Aim of the exercise: Your copy starts at the line containing "Chalet isolé de" and ends at the last line of the material below. Reproduce those lines exactly, with no pictures.

Record extracts:
───

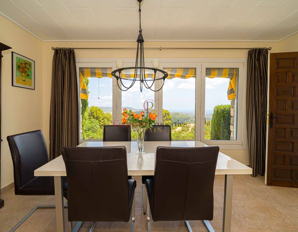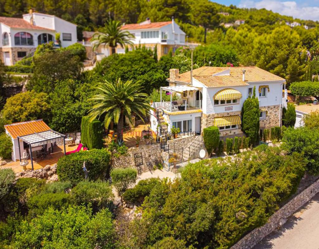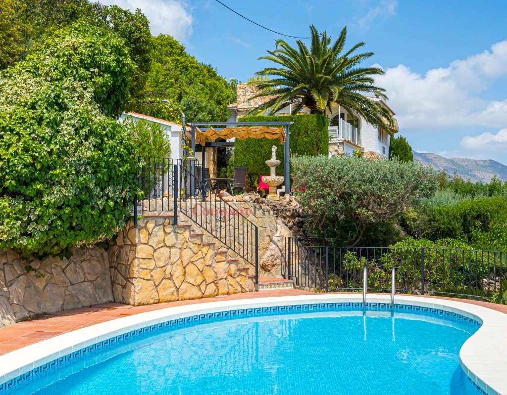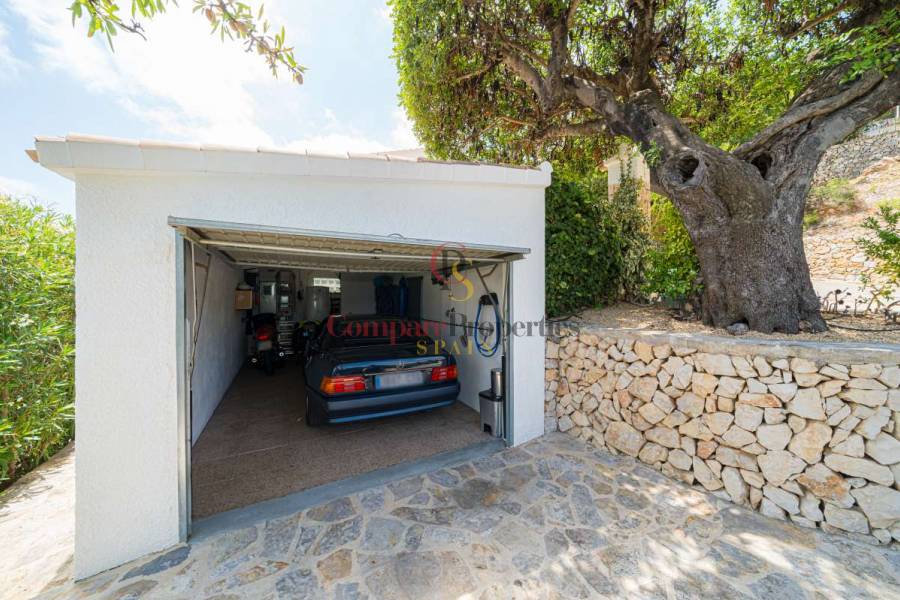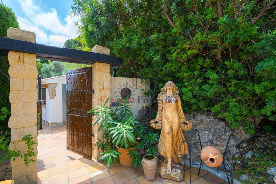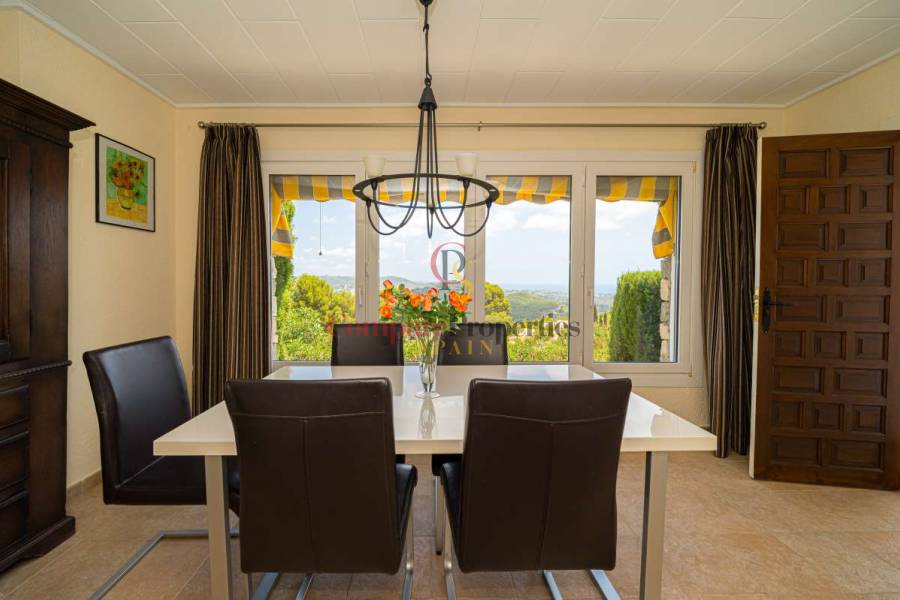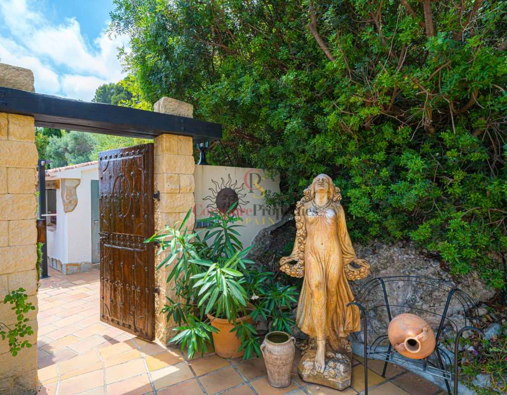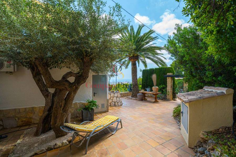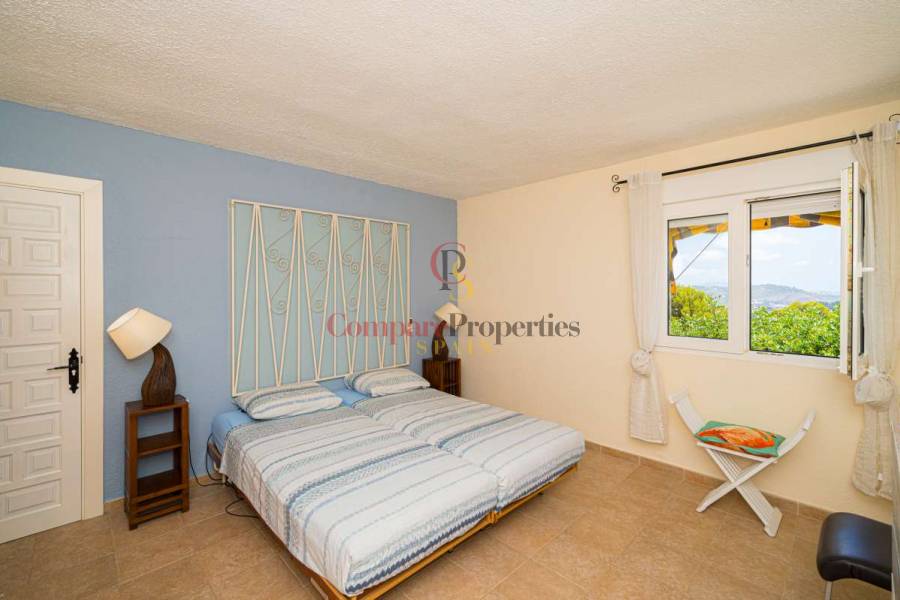 Esta hermosa villa está situada en el municipio de Benissa en la frontera de Calpe, en medio de un oasis verde de paz y sólo 6 minutos en coche del centro de Calpe y hermosas playas de arena. La villa está rodeada por el imponente paisaje montañoso d' Olta, con amplias vistas al mar Mediterráneo, incluyendo el símbolo de Calpe, la majestuosa montaña Ifach d' Peñon. La villa ofrece espectaculares vistas de Calpe, Benissa, Moraira, Teulada, entre otros, y en el fondo incluso se puede ver la montaña Montgo en Denia. La casa tiene dos unidades de vivienda, ambas con entrada propia, con varias posibilidades. Por ejemplo como actualmente se utiliza en parte (arriba) por los propietarios y en parte para alquiler abajo, (unas 48 semanas al año) o para una familia pareja mayor y niños (cada uno por separado). Como las dos plantas también están conectados internamente, por supuesto, también puede utilizar la villa como una casa unifamiliar.
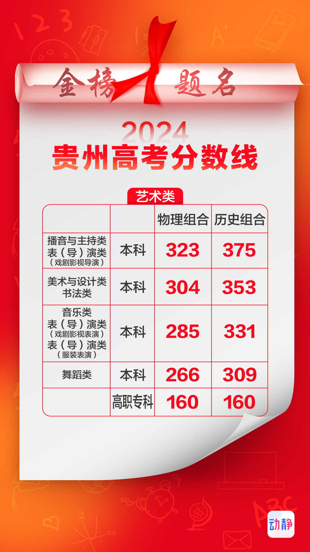 播音与主持类、表(导)演类(戏剧影视导演)本科录取控制分数线:375分;
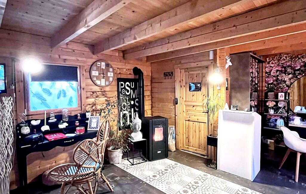 Chalet isolé de 49 m² avec eau, électricité et poêle à granulés, idéal pour activité professionnelle
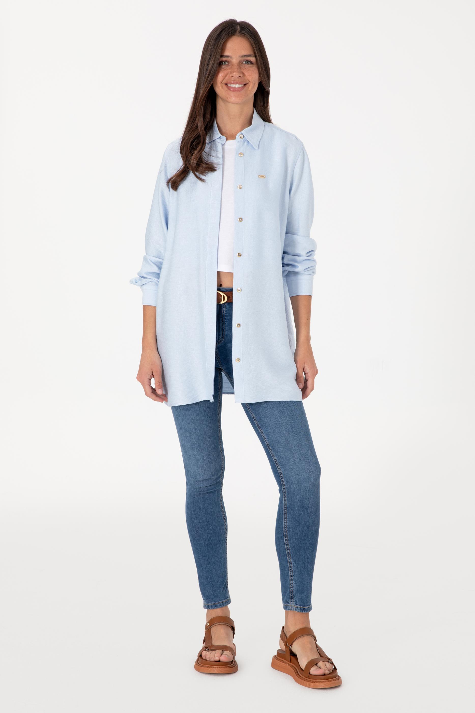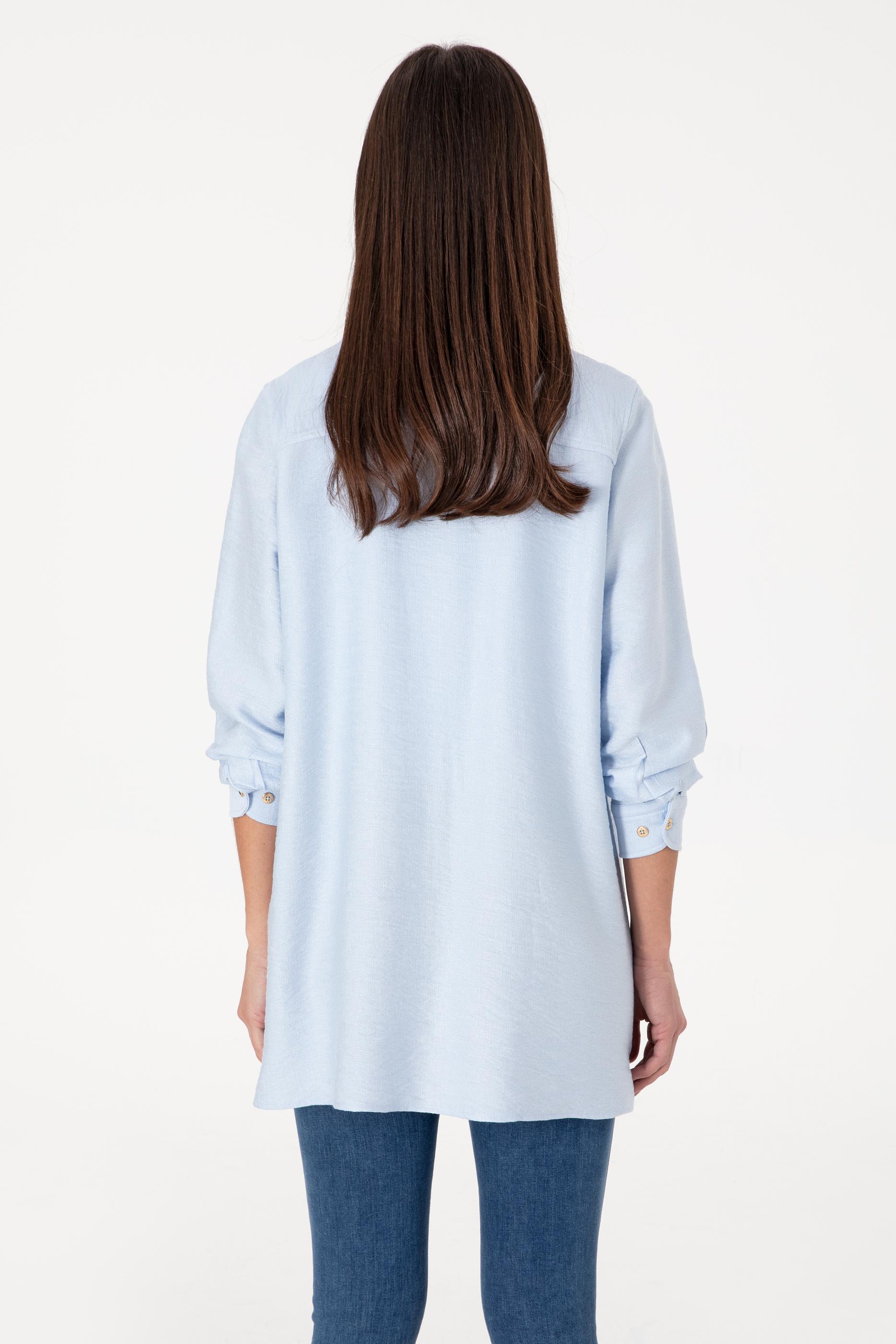 Kadın Açık Mavi Dokuma Tunik Gömlek - 50306411027
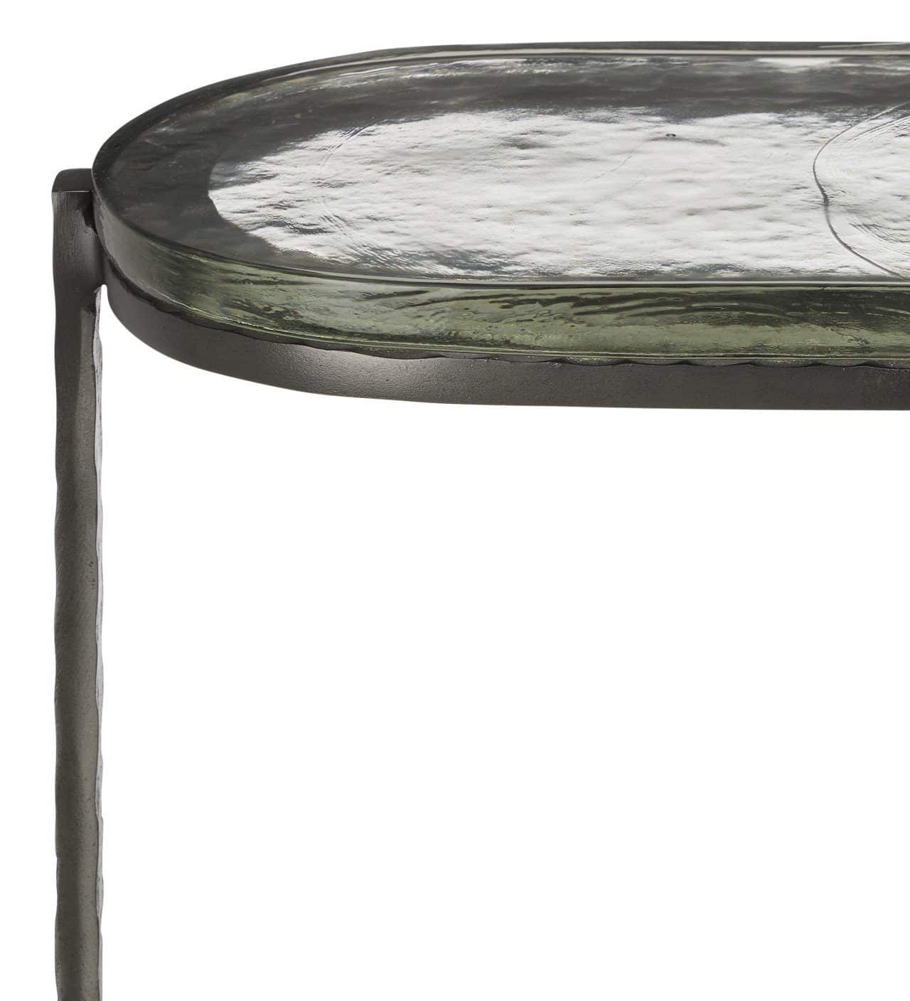 Product Description: Currey and Company 4000-0159 Acea Graphite Side Table - The point at which art and fine craftsmanship meet is where the Acea Graphite Side Table resides. Made of cast aluminum poured into a hammered mold to create even greater texture, the silver side table is topped with a cast glass top that is equally textural and luminous. This table will be a piece of jewelry in a space.

───

Answer for this exercise:
 Chalet isolé de 49 m² avec eau, électricité et poêle à granulés, idéal pour activité professionnelle
 Kadın Açık Mavi Dokuma Tunik Gömlek - 50306411027
 Product Description: Currey and Company 4000-0159 Acea Graphite Side Table - The point at which art and fine craftsmanship meet is where the Acea Graphite Side Table resides. Made of cast aluminum poured into a hammered mold to create even greater texture, the silver side table is topped with a cast glass top that is equally textural and luminous. This table will be a piece of jewelry in a space.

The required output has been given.